Record extracts -
● ● ● ● ● ● ●
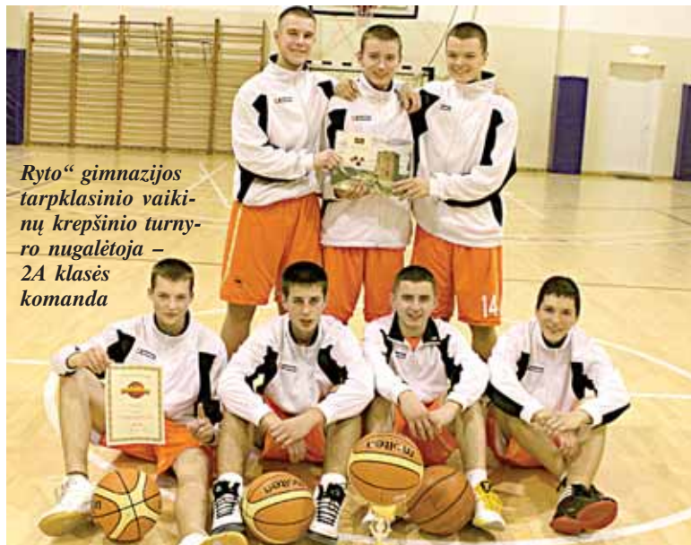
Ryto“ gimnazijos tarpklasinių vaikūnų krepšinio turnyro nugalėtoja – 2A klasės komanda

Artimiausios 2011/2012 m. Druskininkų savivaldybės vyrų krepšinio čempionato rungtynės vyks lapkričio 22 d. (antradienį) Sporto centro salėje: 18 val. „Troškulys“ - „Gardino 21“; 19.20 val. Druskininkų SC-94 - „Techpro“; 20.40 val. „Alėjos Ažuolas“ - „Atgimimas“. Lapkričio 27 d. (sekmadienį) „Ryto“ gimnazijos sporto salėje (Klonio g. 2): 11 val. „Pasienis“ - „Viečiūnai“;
● ● ● ● ● ● ●
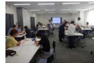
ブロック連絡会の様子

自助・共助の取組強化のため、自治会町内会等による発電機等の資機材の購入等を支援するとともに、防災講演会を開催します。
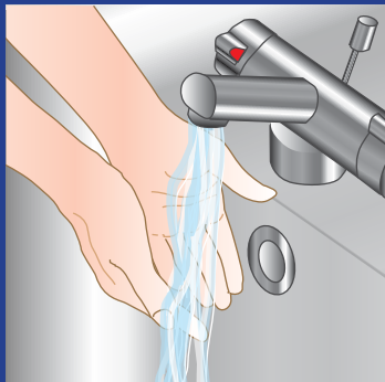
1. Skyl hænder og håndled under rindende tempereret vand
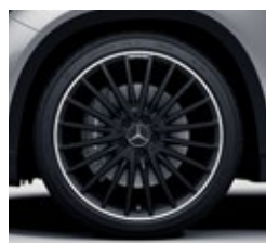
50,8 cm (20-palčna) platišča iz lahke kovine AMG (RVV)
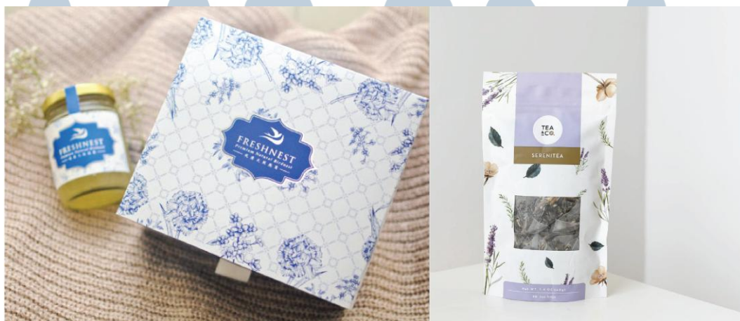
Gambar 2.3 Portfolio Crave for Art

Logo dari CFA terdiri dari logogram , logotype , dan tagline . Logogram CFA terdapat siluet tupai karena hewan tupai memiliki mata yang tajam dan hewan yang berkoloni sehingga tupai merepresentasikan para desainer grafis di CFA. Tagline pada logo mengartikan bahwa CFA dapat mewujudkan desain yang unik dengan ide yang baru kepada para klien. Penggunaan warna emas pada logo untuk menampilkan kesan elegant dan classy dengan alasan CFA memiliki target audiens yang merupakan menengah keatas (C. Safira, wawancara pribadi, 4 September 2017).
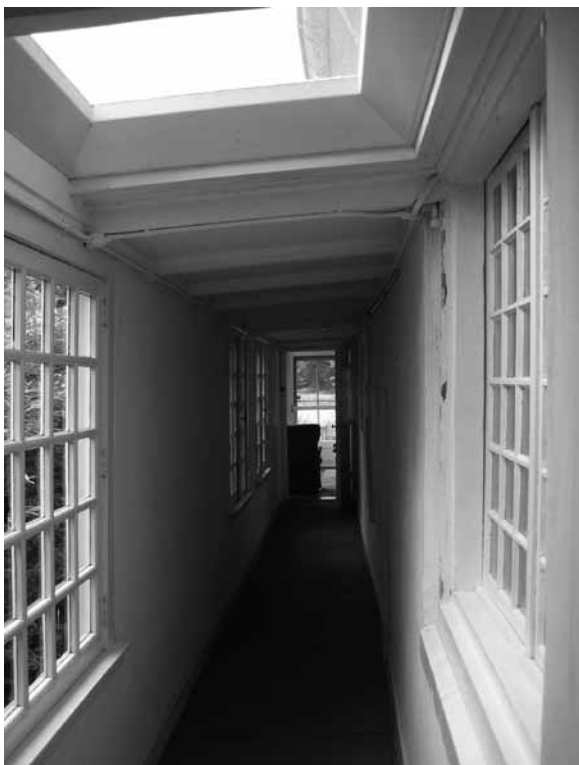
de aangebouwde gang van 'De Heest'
● ● ● ● ● ● ●
Assignment - Your answer must be the lines above from the one containing "2A klasės komanda" to the one containing "Artimiausios 2011/2012 m.", both included, restated word for word.

Written solution -
Ryto“ gimnazijos tarpklasinių vaikūnų krepšinio turnyro nugalėtoja – 2A klasės komanda

Artimiausios 2011/2012 m. Druskininkų savivaldybės vyrų krepšinio čempionato rungtynės vyks lapkričio 22 d. (antradienį) Sporto centro salėje: 18 val. „Troškulys“ - „Gardino 21“; 19.20 val. Druskininkų SC-94 - „Techpro“; 20.40 val. „Alėjos Ažuolas“ - „Atgimimas“. Lapkričio 27 d. (sekmadienį) „Ryto“ gimnazijos sporto salėje (Klonio g. 2): 11 val. „Pasienis“ - „Viečiūnai“;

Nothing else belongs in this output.